# Specialized RockHopper Comp Disc 29er 2009 good buying price? 650.00?



## Byako (Aug 3, 2012)

Trying to get into some moderate mtb. 

Do you guys know if this is a 650.00 is a good price or should I talk him down to a certain price? 

Specialized RockHopper Comp Disc 29er 2009

He says he just did a tune up, brake disc pads been replaced, and a thudbuster seatpost to top it off. 

The bike is in excellent condition.


Please help a noob out. Thanks in advance.


----------



## MattC555 (Mar 24, 2011)

BikePedia - 2009 Specialized Rockhopper Comp 29 Complete Bicycle

Was $940 new. I'd be more comfortable in the $450-$500 range, but thats just me. Thudbusters aren't cheap, and some people love them, but they're not for me.

That is a very nice entry level bike. Good luck!


----------



## GPRider08 (Aug 22, 2008)

I'd say you should see about getting him down to at least $600. As Matt said, that Thudbuster is worth a little coin, but only for those who like them.


----------



## Byako (Aug 3, 2012)

thanks guys. I will try to aim for 600... as long as I can get a good deal on it. Trying to get into the sport by getting a good deal on a used bike. Hard shopping for one...and this is a bike that came along that actually fits me... I might pull the trigger.


----------



## Nubster (May 15, 2009)

I'm trying to sell the exact same bike with a new upgraded headset and X.9 rear derailleur and people on CL are beating me up over my asking price of $600. Even when I drop it to $550 I get a bunch of grief. Cheap bastards. It's a good bike and responds decently well to upgrades. IMO it's a deal at $600, a steal at $550 or less.


----------



## Byako (Aug 3, 2012)

maybe i should of brought it off you. lol. 

anyways i pulled the trigger at 560. A couple of scratches but it looks intact. 

he put front and rear Vulpine semi-slick.

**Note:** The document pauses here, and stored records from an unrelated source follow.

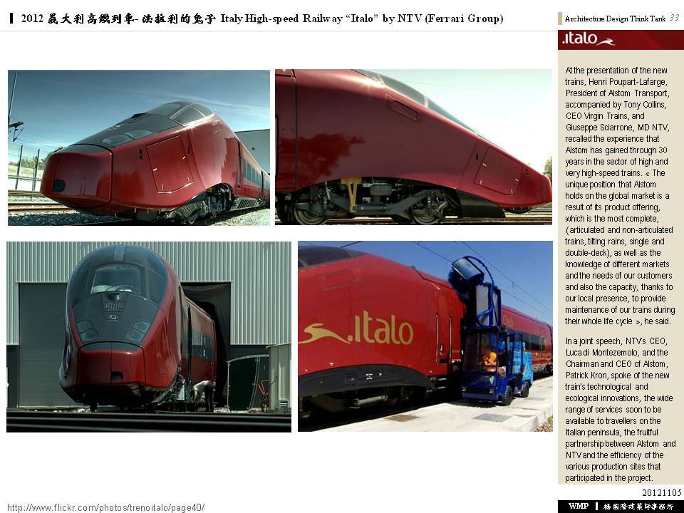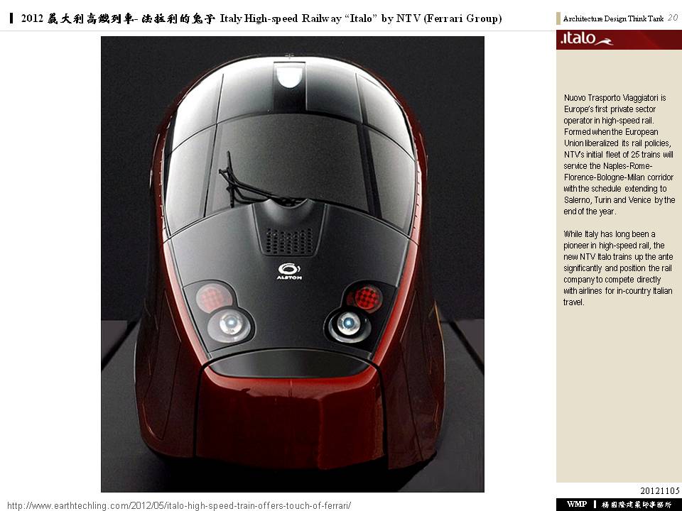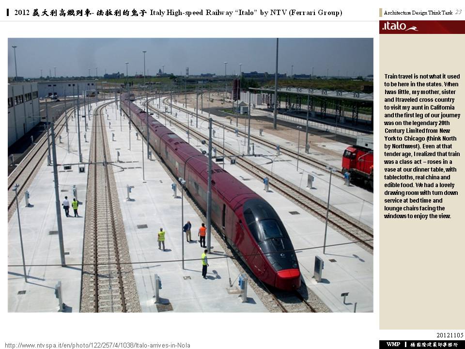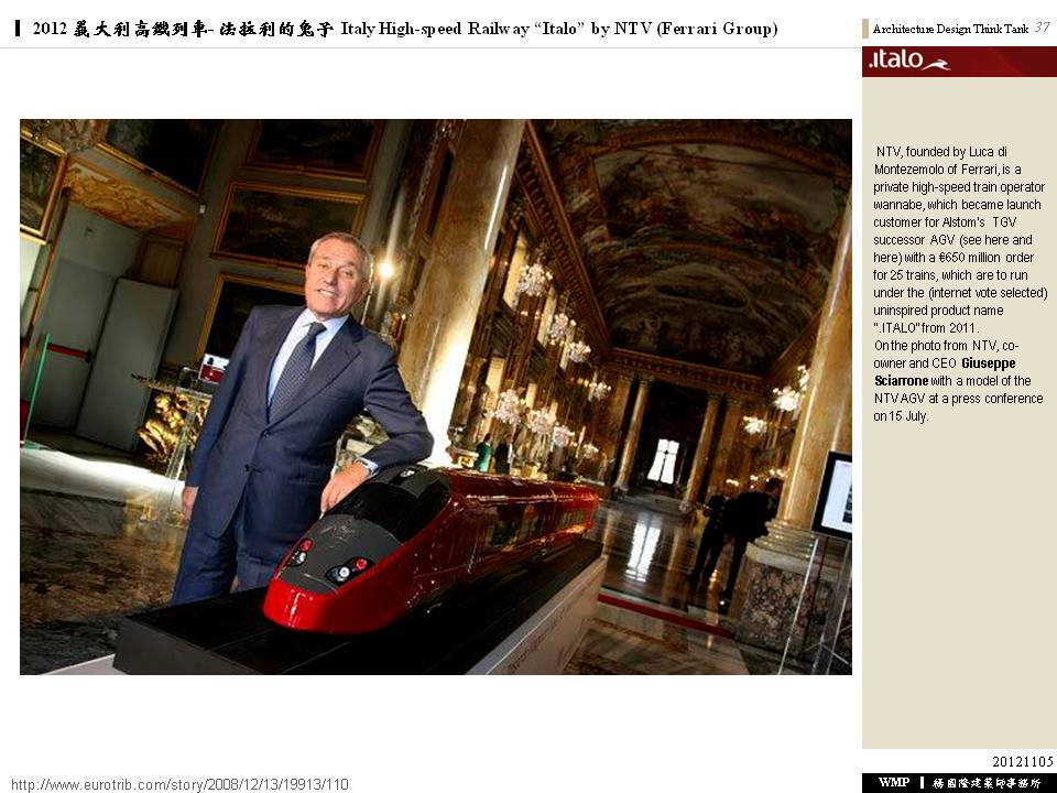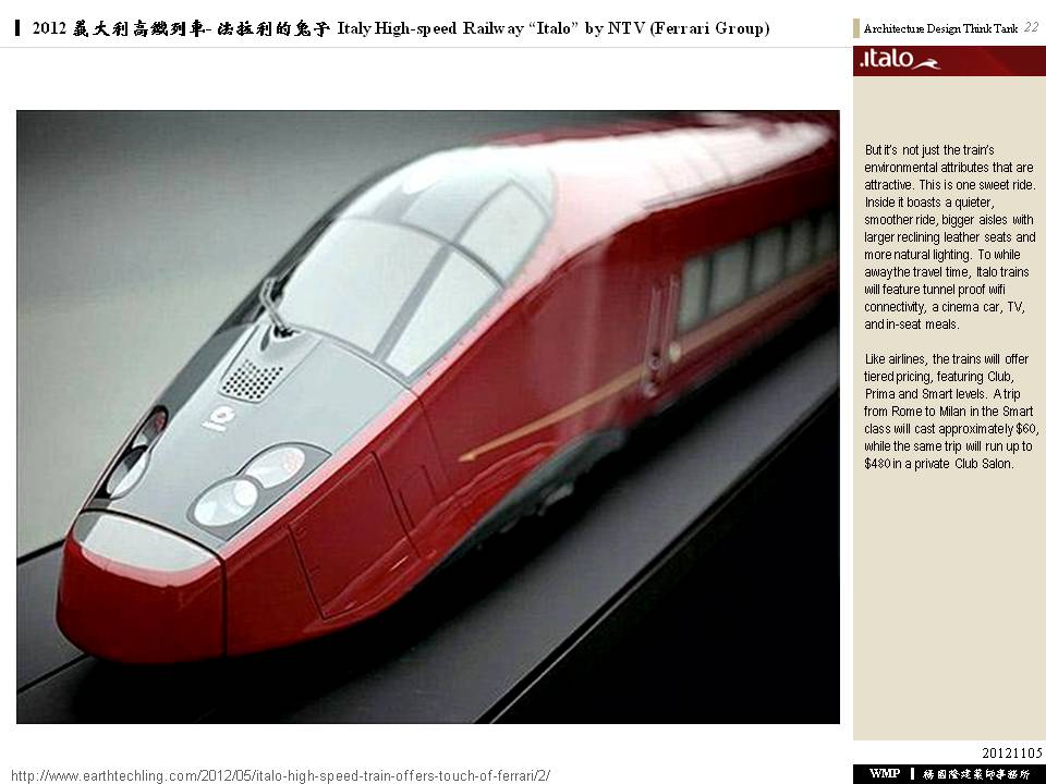 2012 義大利高鐵列車- 法拉利的兔子 Italy High-speed Railway “Italo” by NTV (Ferrari Group)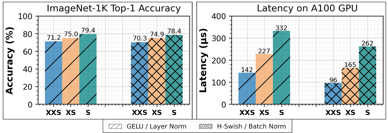 GELU와 LayerNorm 대신 Hard-Swish와 BatchNorm을 사용하면, 정확도는 일부 손해를 보지만, 지연 시간은 크게 향상됨을 나타냅니다.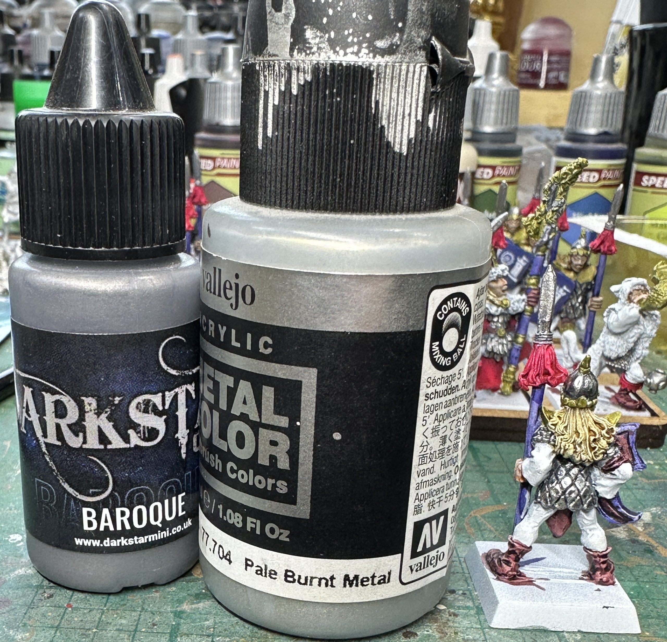 - Steel and chainmail. Everythnig is given a generous drybrush with Dark Star Steel, leaving just joining edges and deeper recesses. Then Darkstar Baroque with a lighter drybrush or direct application onto the upper half of blades and the upper surfaces of chainmail. Finally top edge highlights, blade edges and any top surfaces and corners are picked out with Vallejo Metal Colour Pale Burnt Metal.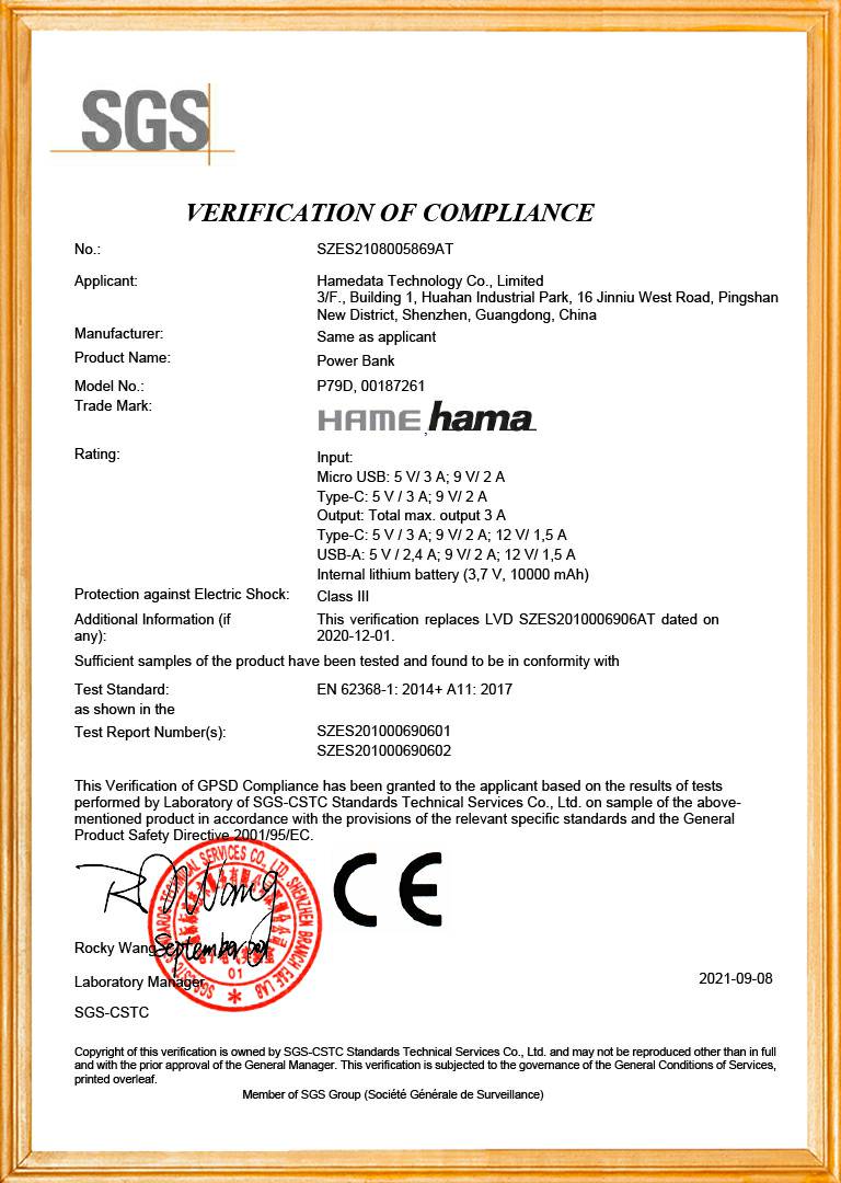 移动电源产品品质证书1

are these good tires for trail or what do you guys recommend as a set?

-chad.


----------



## Byako (Aug 3, 2012)

while im at it, anything i should upgrade or get on the bike? the crankset seemed to of been scratched bad don't know how he manage to do that.


----------



## Luclin999 (Jul 9, 2012)

IMO $520 is just about the right price for that bike in used but well maintained condition.


----------